At a set contrast, the discrimination accuracy progressively increased with gap size (Landolt C) and decreased with spatial frequency (gratings), as expected (Fig. 9). However, the different simulations showed differences for the two stimuli as well. For example, the ON-only performance was similar to “learned” performance for in the Landolt C experiment, while it was generally lower and depended less strongly on spatial frequency in the gratings experiment. Thus, simulations reveal that certain visual stimuli may be more effective than others in inferring the mechanisms mediating successful prosthetic vision in the clinic.
Note that healthy orientation discrimination performance was unrealistically high compared to normal human performance: patients have been tested for gratings at a contrast of 100%, and many fail to discriminate between stimuli at any spatial frequency (Stingl et al. 2015, Stingl et al. 2013). This may be in part because the classification simulation has unrealistic prior “knowledge” of the stimulus pattern and location, and because the retinal simulation captures only some of the biological noise introduced in the retina and none of the noise introduced downstream of the retina. Thus, a meaningful quantitative prediction of absolute behavioral performance would require a more realistic simulation of visual discrimination, including consideration of the size of the stimulus, the task, the nature of the classifier applied to the simulated output, and assumptions about noise in the retina and the central visual system. The present results, instead, mainly point out relative differences in expected performance across different stimuli.
Dynamic reconstruction
The above simulations were all performed using only static spatial images and integrated RGC responses, ignoring time. However, the linear reconstruction framework extends naturally to time-varying stimuli and RGC responses, and reconstructed image sequences. In a dynamic reconstruction, a given spike from a given RGC adds a specific spatio-temporal filter to the reconstruction, aligned in time with the spike (see Rieke et al, 1997). These contributions are summed over cells and over time. Although a quantitative assessment of performance and learning was not performed, dynamic reconstruction produced recognizable estimates of visual perception over time in both the natural and prosthesis simulation conditions (Fig. 10 and supplemental movies). In principle, these movies could be compared to patient reports with dynamic stimuli. Note that the dynamic reconstructions revealed persistent temporal structure in natural scenes, not visible in the still frames, which could improve performance on behavioral tasks.
Discussion
A simulation framework was developed to explore visual perception and learning with a retinal prosthesis. The framework produced three primary predictions. First, as expected, artificial vision mediated by a prosthesis may be severely limited by the indiscriminate activation of ON and OFF cells, but dominance of ON cell activation could mitigate this effect. Second, learning by the patient could in principle produce substantial enhancements in performance, in part by compensating for the lack of cell type specificity. Finally, learning could enable somewhat greater benefits from technology enhancement, such as reduction of electrode spacing and current spread. Below, we discuss the assumptions underlying the simulation framework, its utility for future technology development, and major caveats.

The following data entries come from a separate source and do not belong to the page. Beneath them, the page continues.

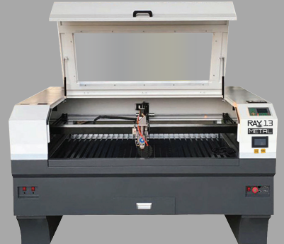
▶ RAY13 Metal Smart CO 2 Laser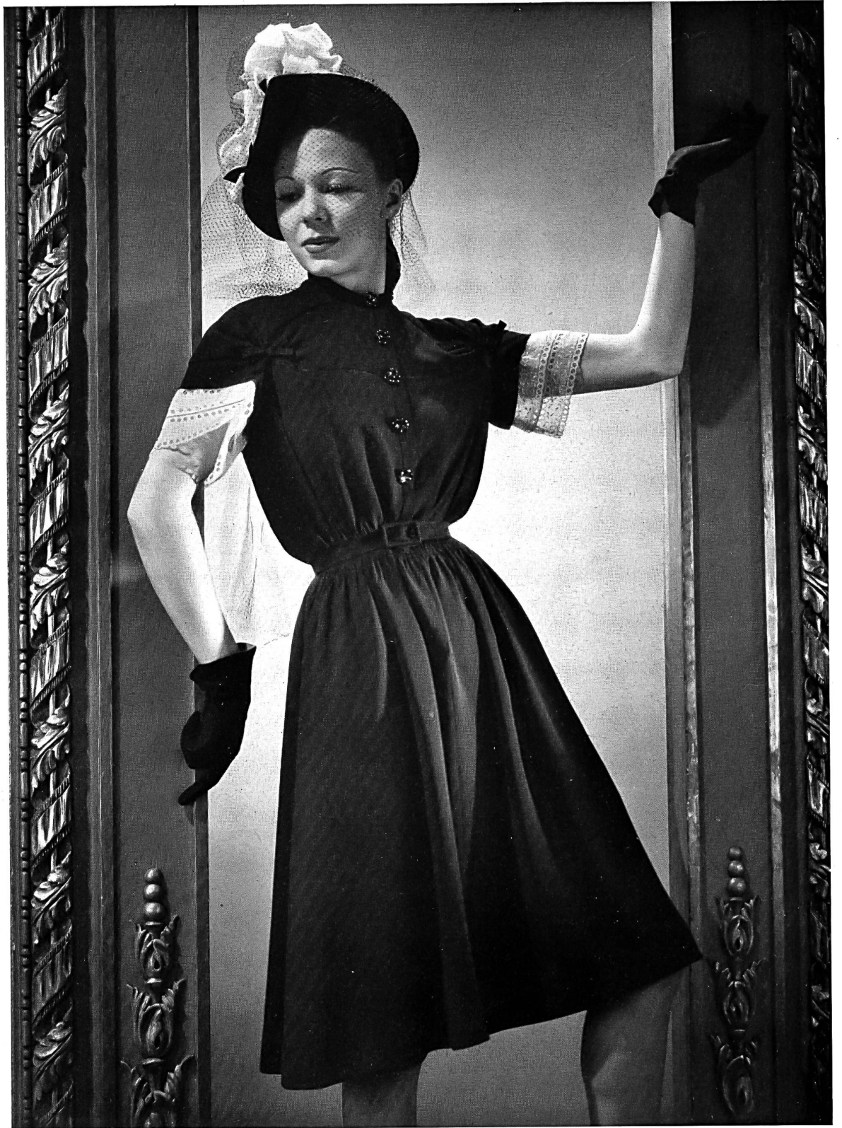
A. Naef & Co., Flawil. Kleid mit Aermeln aus besticktem Organdi. Modell Bruyère, Paris.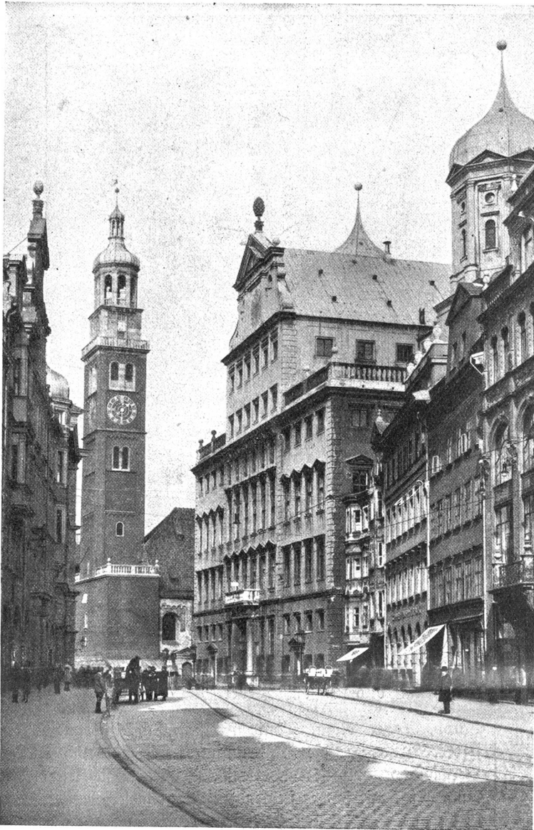
Augsburg. — Rathaus und Perlach.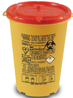
DISPO 0,7 tuoteno: DISPO0.7 koko: 0,7 litraa mitat: kork. 15 cm, ø 11 cm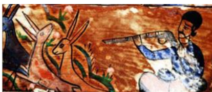
تصویر ۱۵: شکار آهو، سقانفار کرد کلا، جویبار، مازندران (Mahmoudi, 2011, P. 250)

در سقانفارهای مازندران، تصاویری از شکارچی سوار بر اسب، در حال شکار آهو مشاهده شده است. حرکات سر و دست شکارچی (با تفنگی در دست) همراه با حالت دم اسب، همگی به سمتی می‌باشد که تمام توجه و تمرکز را به آهو هدایت می‌کند (تصویر ۱۳ و ۱۵). تفنگی که این شکارچیان در دست دارند، از نوع تفنگ سر پُر است. قرارگیری نقش سگ در زیر پای اسب و حرکت به سمت آهو در صحنه، نشان‌دهنده محیط دشتی است که شکارچی در زمان شکار، همواره می‌توانست در آنجا حضور داشته باشد (تصویر ۱۴). بارها شکارچی صحنه شکار آهو را ملاحظه نموده، این صحنه توسط راویان به نقاش منتقل شده و نقاش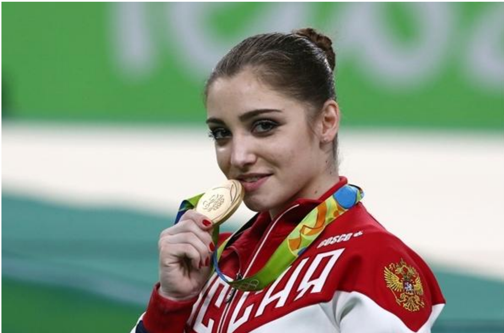
Алия Мустафина, спортивная гимнастика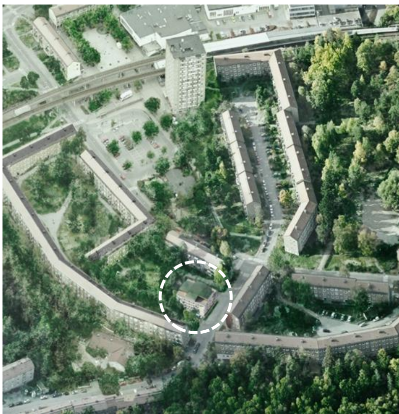
Vy från söder. Den föreslagna byggnaden inringad.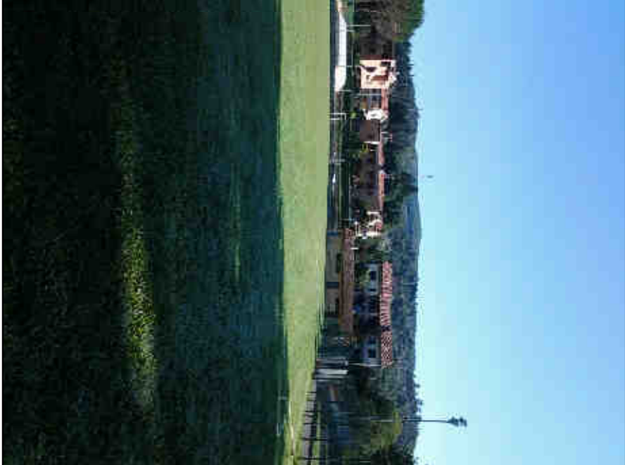
IMMAGINE VISUALE 5C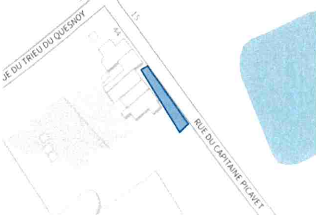
52 rue du Capitaine Picavet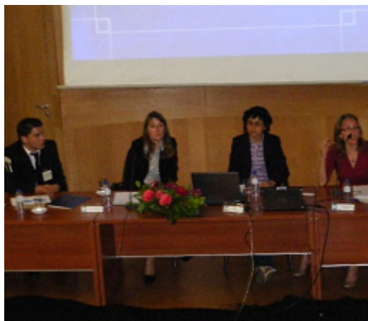
Figura 48 - Os Participantes brasileiros no I Simpósio Internacional: Motricidade Infantil – O Corpo no Quotidiano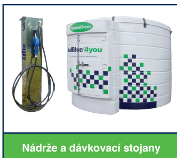
Nádrže a dávkovací stojany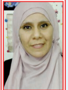
بقلم أمينة جبالله

سلامنا الحار إلى تلك الضئ التي ليست بالقليلة والمنتشرة عبر مختلف المناطق الداخلية للوطن منها السهبية والجبيلية، لاسيما الصحراوية أين تعيش مع أسرها في ظروف مناخية قاسية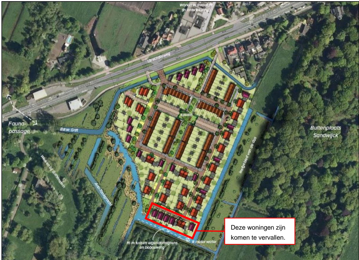
Figuur 2: Indicatieve situatietekening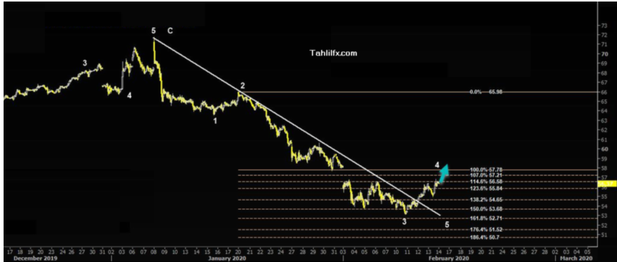
نمودار روند تغییرات تایم فریم روزانه قیمت نفت برنت دریای شمال لندن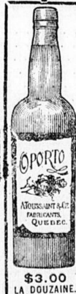
$3.00 LA DOUZAINÉ.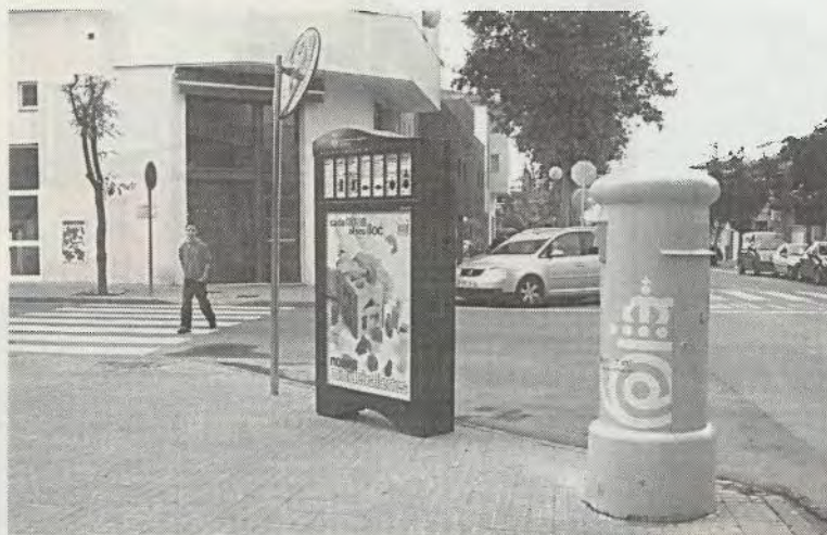
Uno de lo contenedores instalados

El convenio permite a la compañía a explotar la publicidad de los paneles en los que se encuentran los receptáculos a cambio de encargarse de vaciarlos y transportar los resi-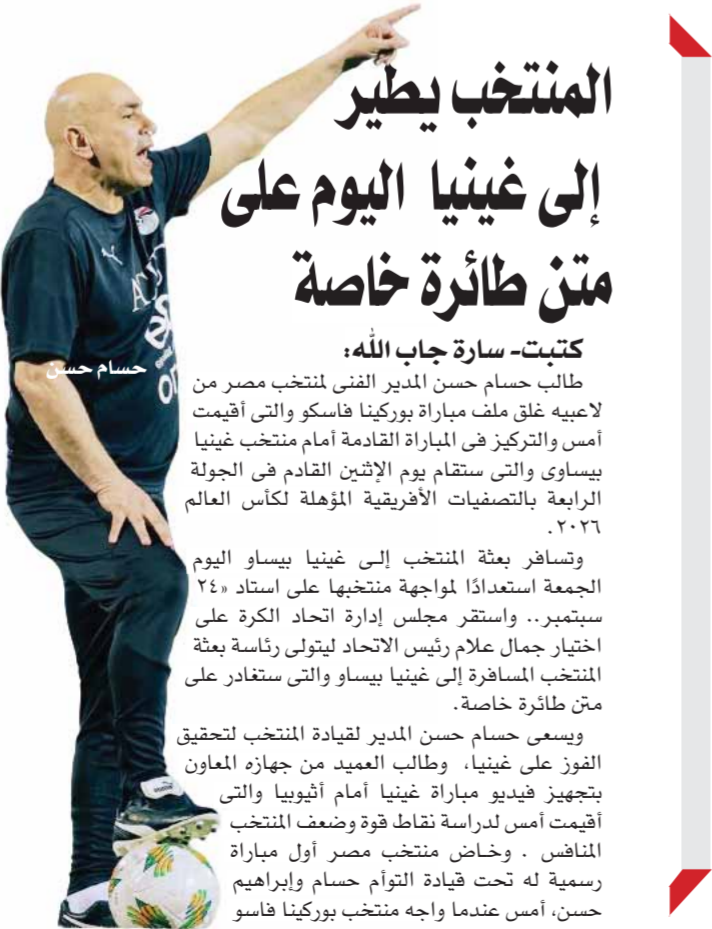
بقلم: حسام حسنى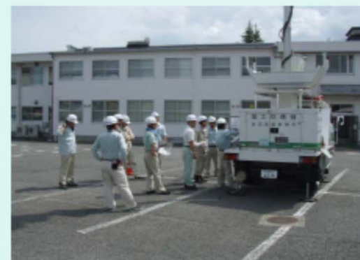
照明車の操作訓練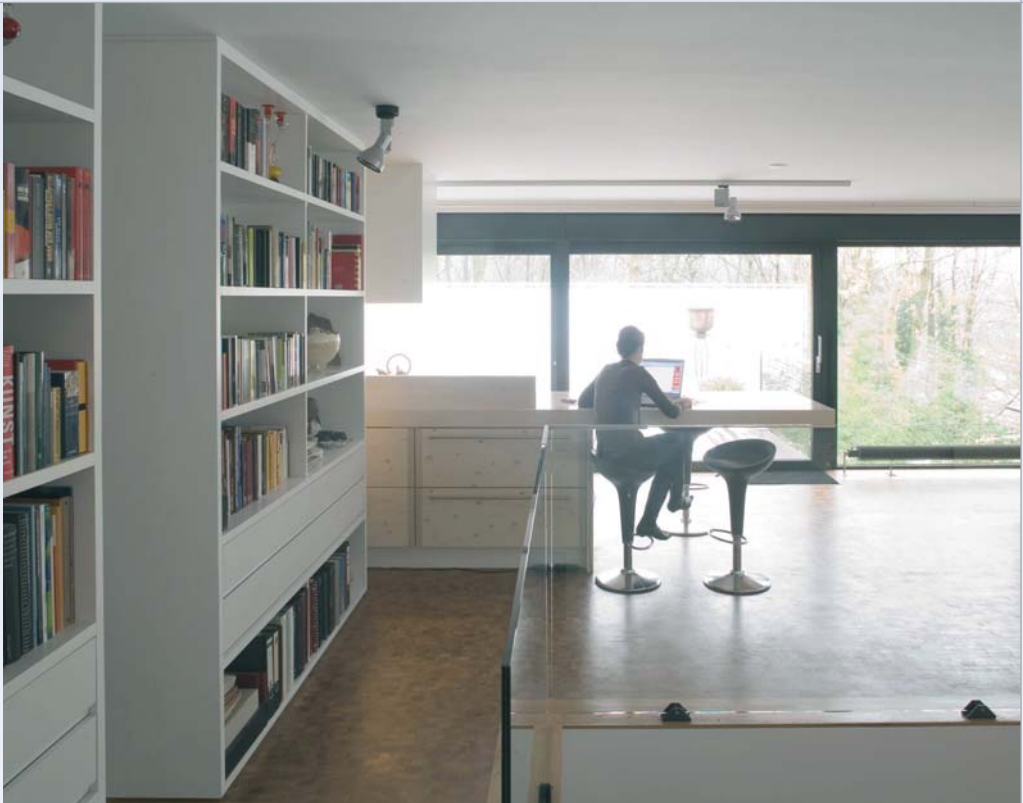
Glas speelt in in- en exterieur een belangrijke rol.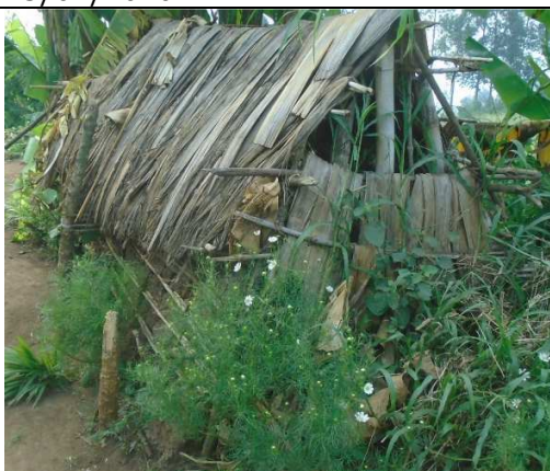
Abris de fortune pour les familles déplacées ou familles retournées dont leur habitation a été détruite - Kagando -Photo prise le 25/01/2020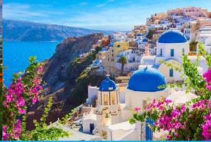
ย่านซานโตรินี่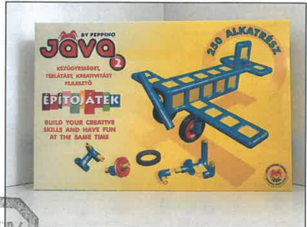
Jáva 2 építőjáték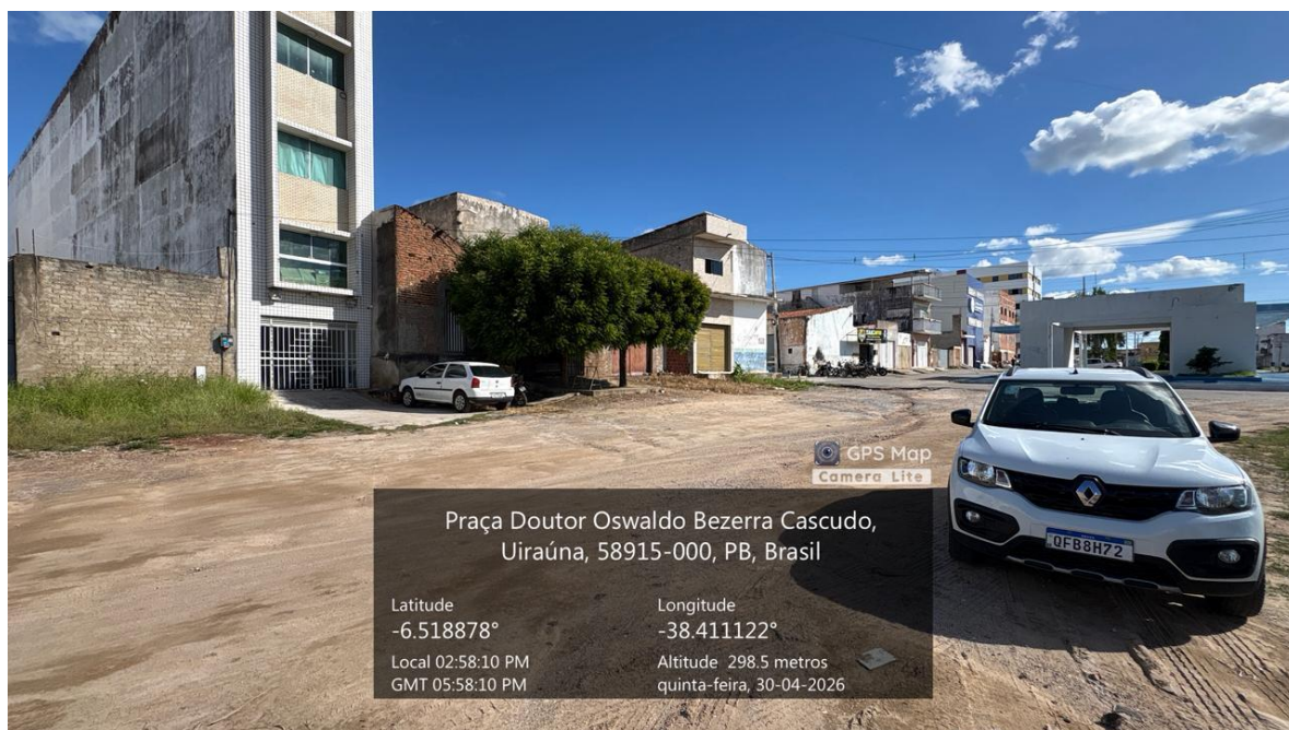
Foto 01 - Vista geral da área destinada à intervenção do Parque de Exposição, com solo exposto, edificações no entorno e necessidade de organização do espaço. Coordenadas: Lat. -6.518878° / Long. -38.411122°.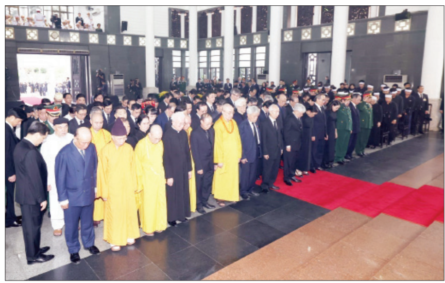
Đoàn Ủy ban Trung ương MTTQ Việt Nam do đồng chí Đỗ Văn Chiến, Ủy viên Bộ Chính trị, Bí thư Trung ương Đảng, Chủ tịch Ủy ban Trung ương MTTQ Việt Nam làm Trưởng đoàn, kính viếng Tổng Bí thư Nguyễn Phú Trọng.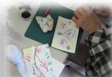
パステルアート 作成風景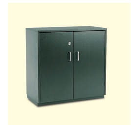
Sideboard € 97,20 Bellano weiß/schwarz/grau/ Sideboard white/black/grey (0048)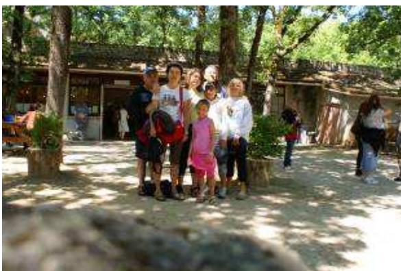
Davanti alle Grotte

Pensiamo di fare un giro per vedere il paese illuminato e veniamo a sapere che alle 21.30 passa proprio qui davanti un trenino che con 5 euro per gli adulti e 2.50 per i bambini ci porta sin giù e poi in una posizione ottimale per ammirare Rocamadour in tutto il suo splendore. Vederla di notte illuminata è veramente imperdibile!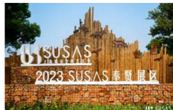
奉贤新城展区-庄行郊野公园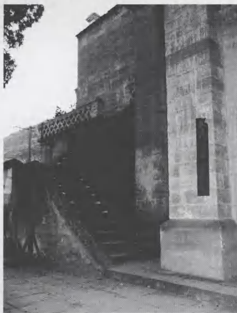
图7 佳县谭家坪天主教堂室外楼梯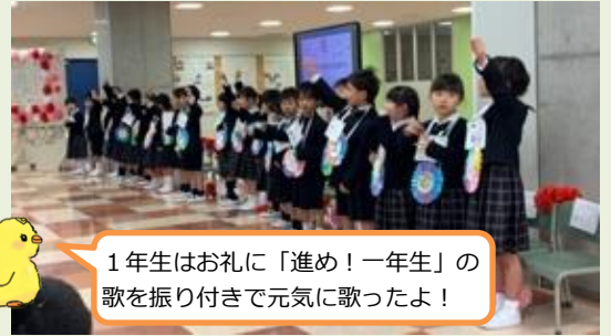
1年生はお礼に「進め！一年生」の歌を振り付きで元気に歌ったよ！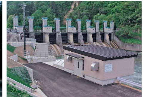
胆沢第四発電所と若柳堰堤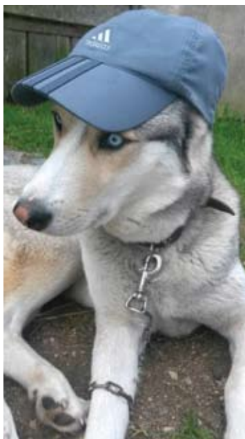
O čia Oksanos išdykėlis.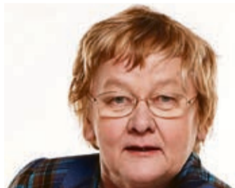
Ene Ergma Riigikogu esimees, IRLi kandidaat Euroopa Parlamenti

Euroopa Parlamendi valimiseni on jäänud vähem kui kuu. Sel korral toimuvad valimised Kesk- ja Reformierakonna ponnistuse viljana suletud nimekirjade alusel.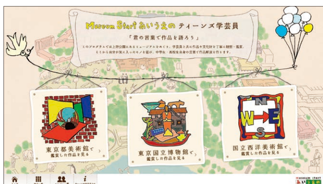
Museum Start あいうえの『ティーンズ学芸員』トップ画面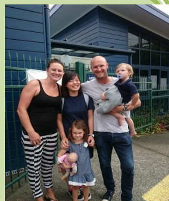
ホスト・ファミリーと思い出の1枚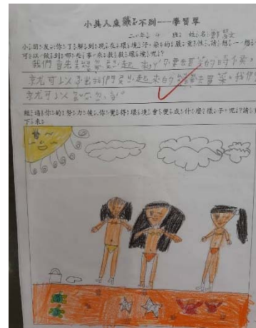
說明：項次三：【 分享學習單 】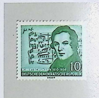
Robert SCHUMANN 1810–1856, alte Leipziger Burschenschaft 1828, Komponist und Musikschriftsteller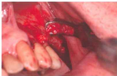
採取した骨を確実に保存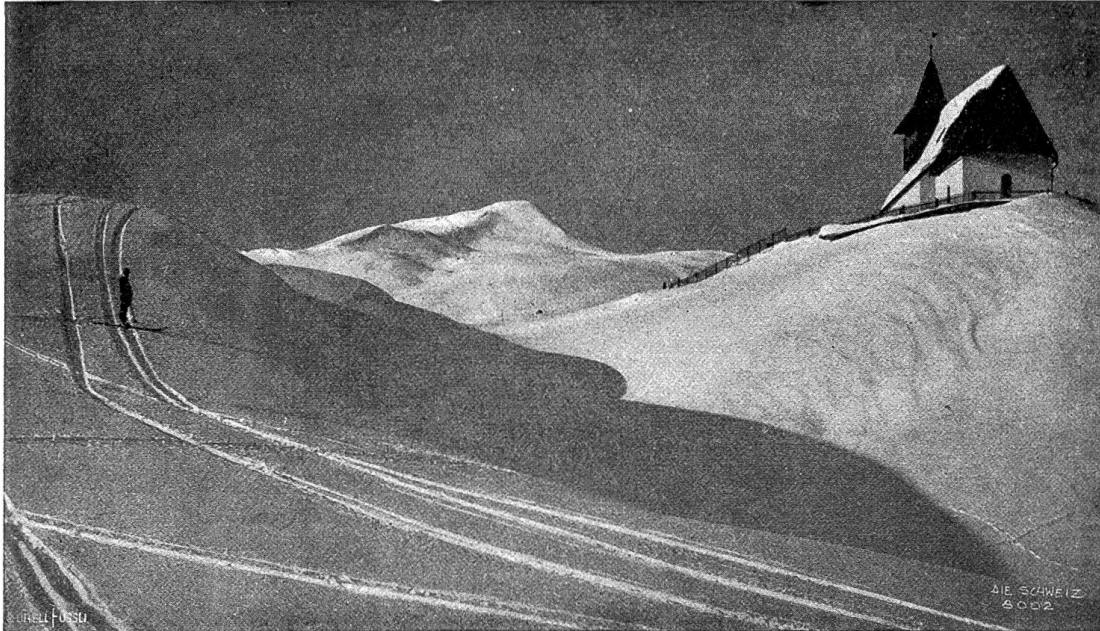
Kapelle von Inner-Rosfa.

Impact of indiscriminate cellular activation
In healthy vision, roughly 20 different RGC types communicate different visual information to distinct targets in the brain, via their unique temporal patterns of activity (see Gollisch et al. 2010; Field and Chichilnisky 2007). Therefore, indiscriminate activation of different RGC types by a prosthesis produces a highly unnatural retinal code, potentially limiting the quality of artificial vision. The most obvious example is simultaneous activation of ON and OFF cells, which may produce conflicting visual signals in the brain. Although this issue is well known, its impact on visual perception has not been predicted quantitatively. The reconstruction approach provides a framework for measuring and interpreting the magnitude of this effect. For instance, a naive simulation in which ON and OFF cells respond equally to prosthesis activation, and their contributions to reconstruction are optimized for natural vision, predicts that artificial vision will be highly degraded. However, previous work suggests that either ON or OFF cells may respond more strongly to electrical stimulation (Werginz et al. 2015; Cottaris and Elfar 2005), and patient reports indicate that “bright” (rather than “dark”) phosphenes dominate increasingly over time (Stingl et al. 2013). A simple simulation of ON dominance – a linear reconstruction in which OFF cells are not used – revealed that it could substantially improve artificial vision. In principle, to obtain a quantitative simulation of ON dominance, patient performance in visual tasks (e.g. detection of increments or decrements) might be used to estimate a weighting factor between 0 and 1 applied to the OFF cell contribution. This factor could then be used as a coefficient in the linear reconstruction to make more specific predictions about patient percepts. The reconstruction framework may also be useful for assessing the value of developing retinal prostheses that can selectively stimulate distinct RGC types (Jepson et al. 2013, 2014, Nirenberg and Pandarinath 2012).
Impact of learning
A closely related issue is the impact of learning by the patient, that is, changes in how the brain processes the retinal signal over time in the presence of retinal prosthesis stimulation. Although it is clear that learning occurs and improves artificial vision to some degree (Stingl et al. 2015; da Cruz et al. 2016), its precise impact and potential to improve artificial vision are unclear. The reconstruction approach provides a framework for predicting and interpreting the potential effects of learning. In a simulation of ideal (complete) learning, linear reconstruction optimized for prosthesis stimulation of the retina produced much more accurate estimates of the visual image, compensating to a substantial degree for the indiscriminate activation of ON and OFF cells. In principle, to obtain a more quantitative estimate of learning in the clinic, patient performance on visual tasks, compared to model performance, could be used to estimate a value between 0 and 1 indicating the degree of learning, that is, the relative contribution of the reconstruction filters optimized for prosthesis vs. healthy conditions. For example, a patient exhibiting a threshold of 0.3° on the Landolt C discrimination task (Fig. 9), roughly halfway between the learning and no learning conditions on a logarithmic scale, might be assigned a learning index of 0.5. This approach could make it possible to assess the improvements in performance over time in each patient relative to an upper bound set by “ideal” learning. Note that this interpretation assumes that the learning process involves enhanced perception, rather than behavioral strategies to deal with degraded perception in specific tasks. The choice of measurement of patient performance would be essential for distinguishing these forms of learning. Finally, note that the mechanisms by which this learning could take place are not addressed; instead, we provide a bound on the degree to which ideal learning could improve perception.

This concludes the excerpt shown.